Artificial Intelligence and its Research Domains
There are five different research domains in Artificial Intelligence. Let’s go through them one by one.
1.Expert system design:
The expert systems are the computer applications developed to solve complex problems in a particular domain, at the level of extra-ordinary human intelligence and expertise. Expert system design comprises AI problem solving methods like uninformed Search, informed search and adversarial Search. It also deals with development of knowledge reasoning capability into an intelligent agent based on prepositional logic and first order logic. As discussed in SkillVille blog on “Expert System”, Pneumoconiosis X-Ray Diagnosis Expert System (PXDES) is an expert system which is used to diagnose Lung diseases. It takes our lunge picture from the upper side of the body which looks like the shadow. The shadow is used to determine the type and degree of lung cancer.
2. Machine Learning
Account record tracking, identifying account closure before occurrence of the same, tracking spending pattern of the customer and with so many other ways machine learning helping banking and finance sector with lots of potential. Machine learning is an application of Artificial Intelligence (AI) that provides systems the ability to automatically learn and improve from experience without being explicitly programmed. This program focuses on the development of computer programs that can access data and use it to learn for themselves.
3. Deep Learning
AI system that helps robots to learn from demonstrative actions is been developed by Nvidia researchers. Robots which works as Housekeeper and performs actions based on AI inputs from several sources are common enough. Like human brains process actions based on past experiences and sensory inputs, deep-learning infrastructures help robots execute tasks depending on varying AI opinions. Deep Learning is a subfield of machine learning concerned with algorithms inspired by the structure and function of the brain called artificial neural networks.

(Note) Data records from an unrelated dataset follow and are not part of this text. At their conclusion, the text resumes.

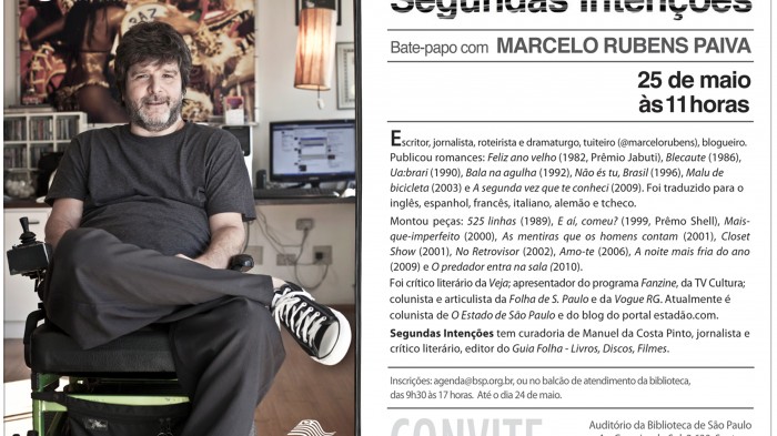 Marcelo Rubens Paiva é o convidado da edição de maio do ciclo de bate-papos Segundas Intenções. O encontro acontece no dia 25/5, sábado, às 11 horas, no auditório da Biblioteca de São Paulo...
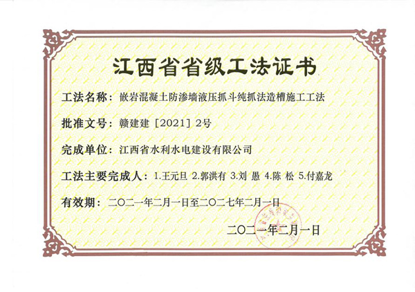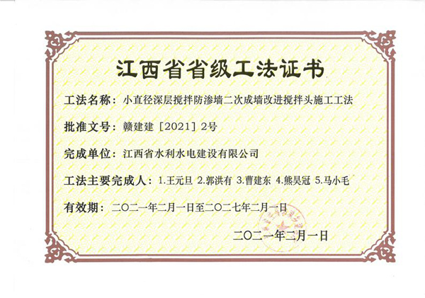 2021年2月1日,江西省住房和城鄉(xiāng)建設(shè)廳文件《關(guān)于公布我省2020年度第二批省級(jí)工程建設(shè)工法的通知》(贛建建〔2021〕2號(hào))公布了2021年度第二批省級(jí)工程建設(shè)工法評(píng)審結(jié)果,其中,公司申報(bào)的《小直徑深層攪拌防滲墻二次成墻改進(jìn)攪拌頭施工工法》、《嵌巖混凝土防滲墻液壓抓斗純抓發(fā)造槽施工工法》審定為“2020年度省級(jí)工程建設(shè)工法”。
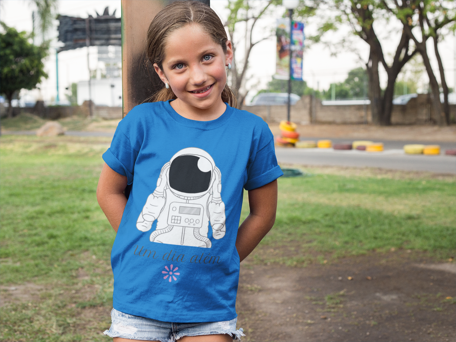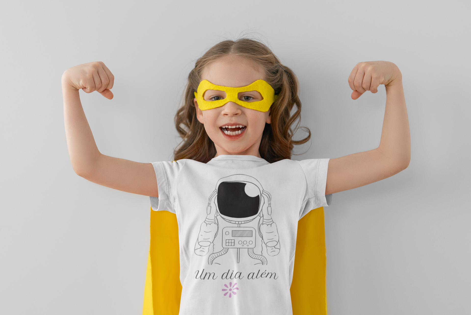 A coleção "Um dia além" traz a camiseta "astronauta" com uma temática do imaginário que conduz as crianças para a órbita dos sonhos, da fantasia, alinhados com a verdade, com o bem e com a beleza singela, própria do mundo infantil. Uma inspiração para que crianças e adultos sigam sempre tendo como alvo a beleza inata do ser humano e de sua existência.

4. Natural Language Processing
All of us use Skype for long distance audio-visual communication. Skype translator uses AI for on the fly translation to interpret live speech in real time across number of languages. Without language barriers, people can communicate using the language they are comfortable with, which will in turn speed up a range of businesses processes. Natural Language Processing is a sub-field of Artificial Intelligencewhich is focused on enabling computers to understand and process human languages, to get computers closer to a human-level understanding of language. Computers don’t yet have the same intuitive understanding of natural language that humans do. They can’t really understand what the language is really trying to say. In a nutshell, a computer can’t read between the lines. NLP makes it really happen.

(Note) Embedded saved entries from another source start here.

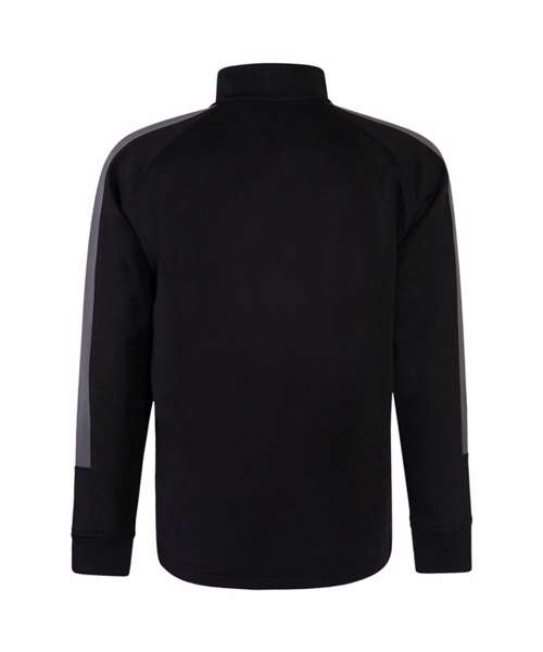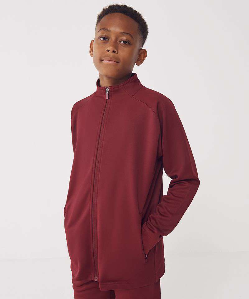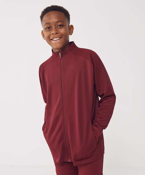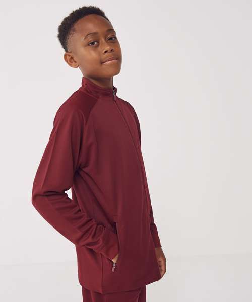 Knitted tracksuit top with contrast colour panels on outer sleeve. Contrast colour centre front zip. Zipped side pockets. Funnel neck and 1x1 ribbed cuffs. Semi-automatic lock zip sliders on all zips.
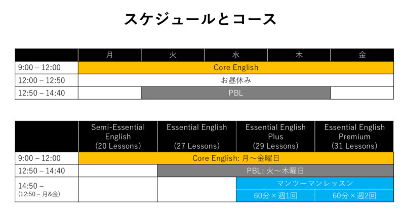 Essential English プログラム 27 lesson:平日 9:00am-14:40pm 金曜日のみ9:00am-12:00pm
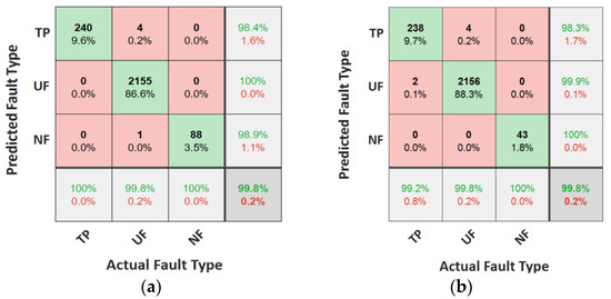 Confusion matrices of the testing dataset for FTD unit during: (a) grid-tied mode and (b) islanded mode.

Google and Nest labs an alphabet owned company developed an image which shows “clustered” pattern of about 30,000 patents from 2004 to 2014 that were filled by thousands of companies containing technologies that overlap with Google and Nest. Coding is a fun but creating models through that code is even more challenging and interesting too. Data visualization uses algorithms to create images from data so humans can understand and respond to that data more effectively.
Artificial Intelligence (AI) is estimated to pave way for close to 2.3 million opportunities by the year 2020.These automated roots of robotics have grown with tremendous speed with the five branches and have produced a fruit of artificial Intelligence. The sky is the only limit of growth for this AI tree. So start climbing any of the branches and you will definitely enter into the world of opportunities.